We found that infection intensity of unidentified strongylids was higher during the dry season compared to the rainy season. The same trend was observed by Masi et al. (2012) at the same locality. Seasonal differences in strongylid nematodes are commonly observed in non-human primates (e.g. Huffman et al. 1997; Krief et al. 2005; MacIntosh et al. 2010; Masi et al. 2012; Rothman et al. 2008, 2009; Trejo-Macias and Estrada 2012); however, the reported trend is usually opposite to our findings. In humans, studies in West Africa showed that environmental populations of strongylid L3 larvae are highest during the rainy season (Udonsi et al. 1980); however, the highest faecal egg counts in host faeces were lagged at 2–7 months after the rainy season (Knight and Merret 1981; Nwosu 1981). This phenomenon reflects worm maturation in the host’s intestine and supports our findings.

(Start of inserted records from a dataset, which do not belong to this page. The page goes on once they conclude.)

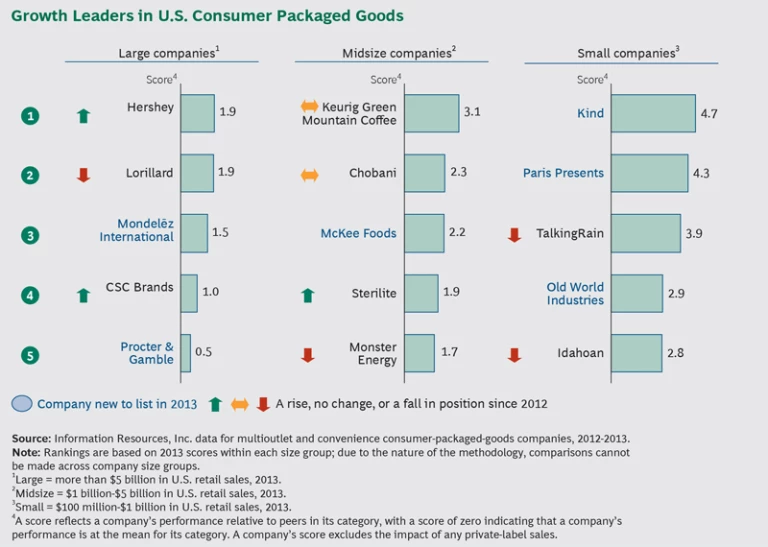 Which companies are leading the pack when it comes to growth in the U.S. consumer packaged goods (CPG) market? For the second year in a row, BCG and Information Resources, Inc. (IRI) have set out to answer that question, ranking more than 400 CPG companies—both public and private—with annual U.S. retail sales greater than $100 million. Among the key findings: while small companies continue to take share from large companies, some top-performing large players are fighting back. The study evaluated each company on three metrics—dollar sales growth, volume sales growth, and market share gains—and then ranked companies based on their performance. Recognizing that manufacturers of different sizes face disparate challenges and opportunities, BCG and IRI grouped companies into three categories on the basis of sales: small ($100 million to $1 billion in IRI-measured retail sales), midsize ($1 billion to $5 billion), and large (more than $5 billion). A company’s score reflects how well it performed on those three metrics relative to its peer group. A score of zero indicates performance in line with the overall industry within a given size group, while a positive score reflects outperformance.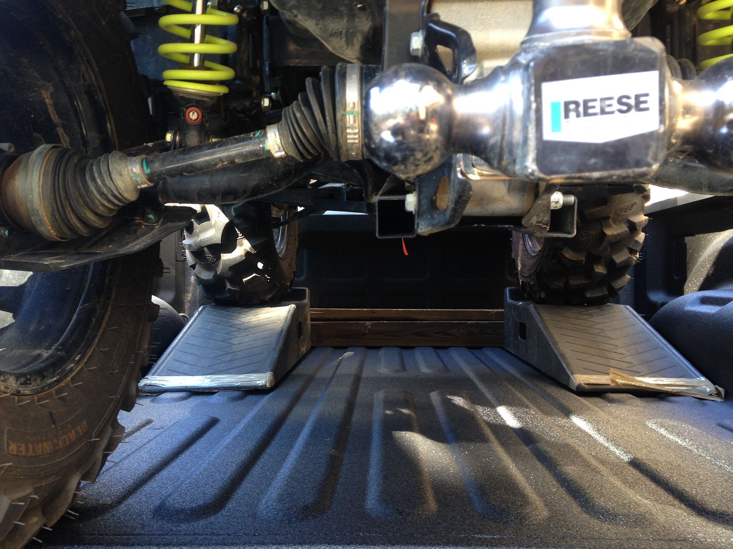 I grabbed a simple set of 6 inch tall rhino ramps and tow pieces of 4×4. I laid the wood side-by-side in the front of the bed. Place the rhino ramps up against the wood. This acts just like an ATV riser but without the bigger height. The 6 inch height difference lose the rear axle in about three or 4 inches.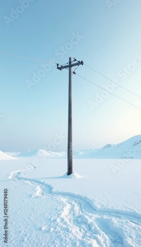 A solitary electric pole in a vast white expanse, snowy terrain, whiteout, icy lake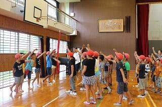 有明小では、計画的に朝の活動で全校一斉の体力向上に取り組んでいます。今回は、話合いの後に班ごとにボールをわたしていく運動で体力向上を図りました。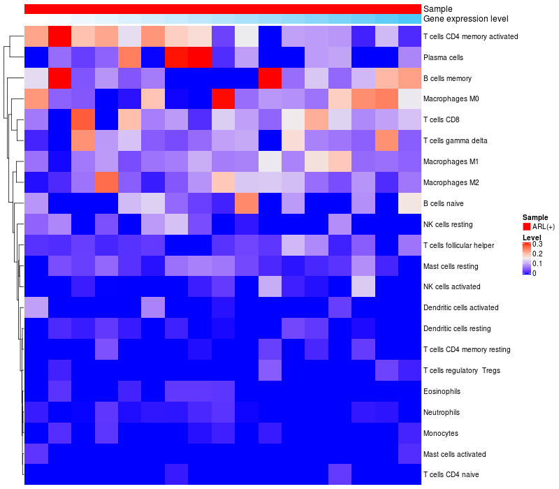 Relationship between gene expression and immune infiltrating cell level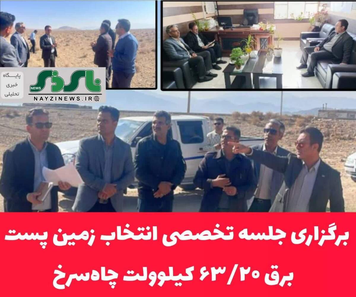 جلسه بررسی و انتخاب زمین مناسب جهت احداث ایستگاه پست ۶۳/۲۰ کیلوولت چاهسرخ با حضور امین عباسی سرپرست فرمانداری شهرستان بختگان، کارشناسان شرکت برق منطقهای فارس و رییس اداره برق شهرستان برگزار شد.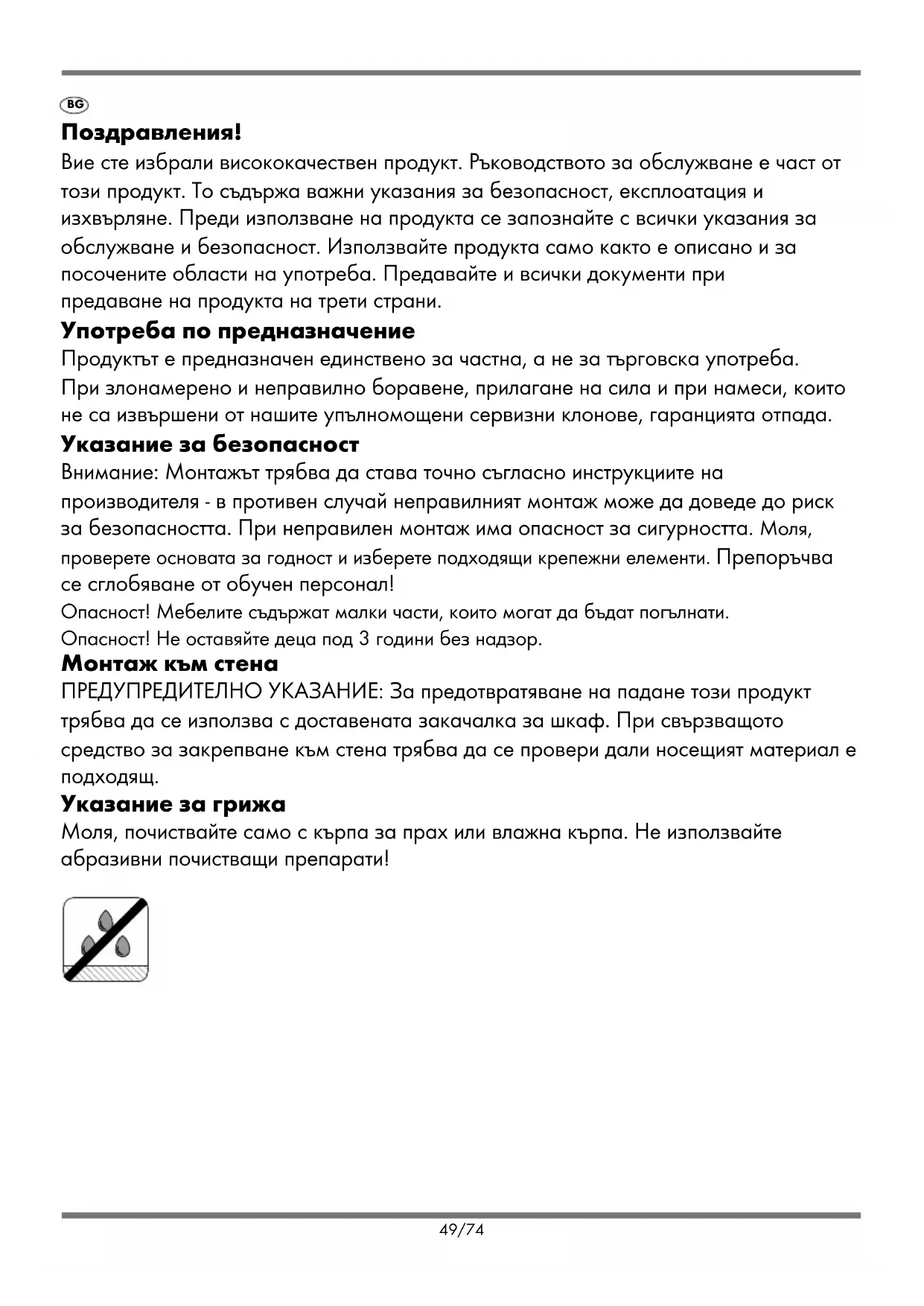 teći ponovno samo za taj dio. Odlaganje Molimo Vas da pakiranje i proizvod nakon uporabe odložite na ekološki prihvatljiv način. 48/74BG Поздравления! Вие сте избрали висококачествен продукт. Ръководството за обслужване е част от този продукт. То съдържа важни указания за безопасност, експлоатация и изхвърляне. Преди използване на продукта се запознайте с всички указания за обслужване и безопасност. Използвайте продукта само както е описано и за посочените области на употреба. Предавайте и всички документи при предаване на продукта на трети страни. Употреба по предназначение Продуктът е предназначен единствено за частна, а не за търговска употреба. При злонамерено и неправилно боравене, прилагане на сила и при намеси, които не са извършени от нашите упълномощени сервизни клонове, гаранцията отпада. Указание за безопасност Внимание: Монтажът трябва да става точно съгласно инструкциите на производителя - в противен случай неправилният монтаж може да доведе до риск за безопасността. При неправилен монтаж има опасност за сигурността. Моля, проверете основата за годност и изберете подходящи крепежни елементи. Препоръчва се сглобяване от обучен персонал! Опасност! Мебелите съдържат малки части, които могат да бъдат погълнати. Опасност! Не оставяйте деца под 3 години без надзор. Монтаж към стена ПРЕДУПРЕДИТЕЛНО УКАЗАНИЕ: За предотвратяване на падане този продукт трябва да се използва с доставената закачалка за шкаф. При свързващото средство за закрепване към стена трябва да се провери дали носещият материал е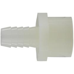 Adapter, Connection Size 1: 1/4 in, Connection Type 1: Hose Barbed, Connection Size 2: 3/8 in, Connection Type 2: FIP, Nylon, White, Maximum Operating Pressure: 125 psi, -40 to 200 deg F Operating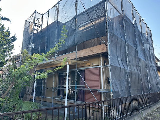 先ずは足場が施工され、既存屋根材の解体工事からスタートです。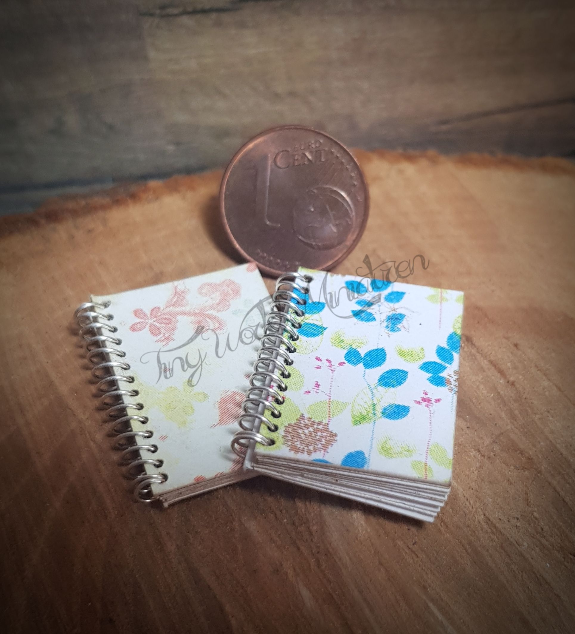 2 Ringbücher (ca. 2,5 x 1,8 cm) aufklappbar mit verschiedenfarbigen Einbänden.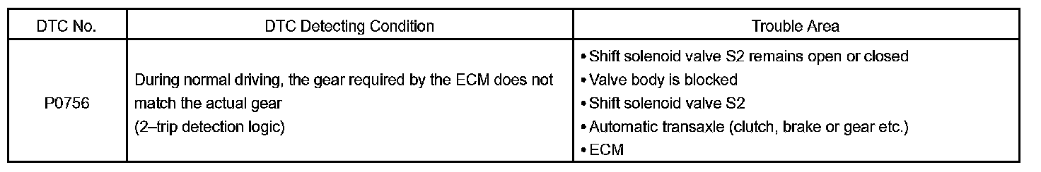 DTC P0756 SHIFT SOLENOID "B" PERFORMANCE (SHIFT SOLENOID VALVE S2)SYSTEM DESCRIPTION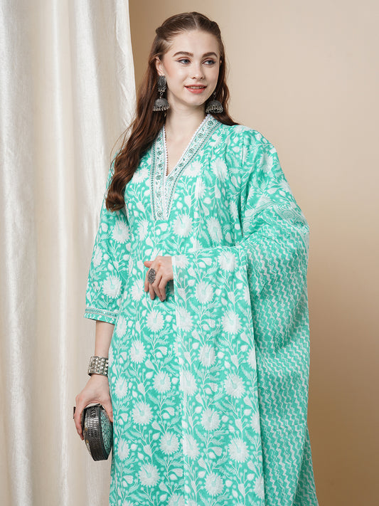 Ethnic Floral Printed Embroidered A-Line Kurta with...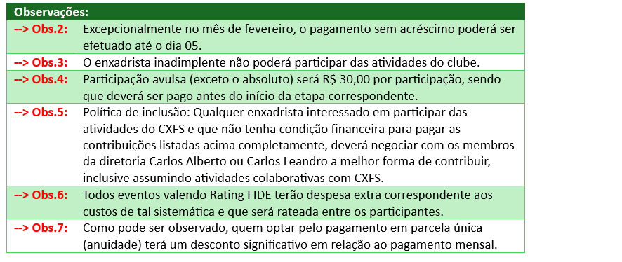 Anuidade/mensalidade 2026 Get fit with us Compartilhar este conteúdo Abre em uma nova janela X Abre em uma nova janela Facebook Abre em uma nova janela Pinterest Abre em uma nova janela LinkedIn Você também pode gostar Campeonato Baiano de Absoluto de categorias 31 de março de 2025 Campeonato Feirense de Xadrez Blitz (3+2) 2026- RESULTADOS e ETAPAS 8 de fevereiro de 2026 CAMPEONATO FEIRENSE DE XADREZ RÁPIDO (10+5) – ETAPA 6 (19.07.25) 19 de julho de 2025 Deixe um comentário Cancelar respostaComentárioDigite seu nome ou nome de usuário para comentar Digite seu endereço de e-mail para comentar Digite o URL do seu site (opcional) Salvar meus dados neste navegador para a próxima vez que eu comentar.

We also found a higher prevalence of spirurids in the wet season than in the dry season, possibly caused by the seasonal availability to access the insects consumed by gorillas. In Ugalla, Tanzania, Kalousová et al. (2014) observed higher prevalence of spirurids in chimpanzees during the dry season, when the Ugalla chimpanzees were observed to consume larvae of Curculionidae, a possible intermediate host. Differences in prevalence of unidentified entodiniomorphids between the seasons can be caused by their natural fluctuation (Abe and Iriki 1989).

Conclusions

During monitoring of parasites in groups of western lowland gorilla in DSPA, we found no significant effect of habituation on protist and helminth infections. Only prevalence of Entamoeba spp. significantly differed among gorilla groups in different levels of habituation; however, the pathogenicity of species within the genus Entamoeba is variable and thus the results must be interpreted with caution. Compared to bacterial and viral infections, which may cause serious outbreaks in habituated ape groups (Leendertz et al. 2006), the pathogenicity of gastrointestinal protists is much lower or absent. In the case of helminth infections, the adverse effects usually result from a high abundance/infection intensity, depending on the infectious dose and the complexity of the life cycles of particular taxa. Following the best practice guidelines for tourism and habituation and for health monitoring and disease control in great ape populations developed and recommended by the IUCN (Gilardi et al. 2015; Macfie and Williamson 2010), strictly followed in DSPA, should help mitigate disease transmission risk from human-originating helminthiases caused by Ascaris and Trichuris. Undoubtedly, continuous monitoring of potentially zoonotic pathogens in situations of close contact at the human-ape interface is highly beneficial. Gorilla females were generally less infected than males, and adults had higher intensities of infection; however, in both cases the parasites have an intermediate host in their life cycle or the life cycle is mostly unknown, therefore to make a conclusion is complicated. The found seasonal differences in strongylid nematode infections correspond with other studies.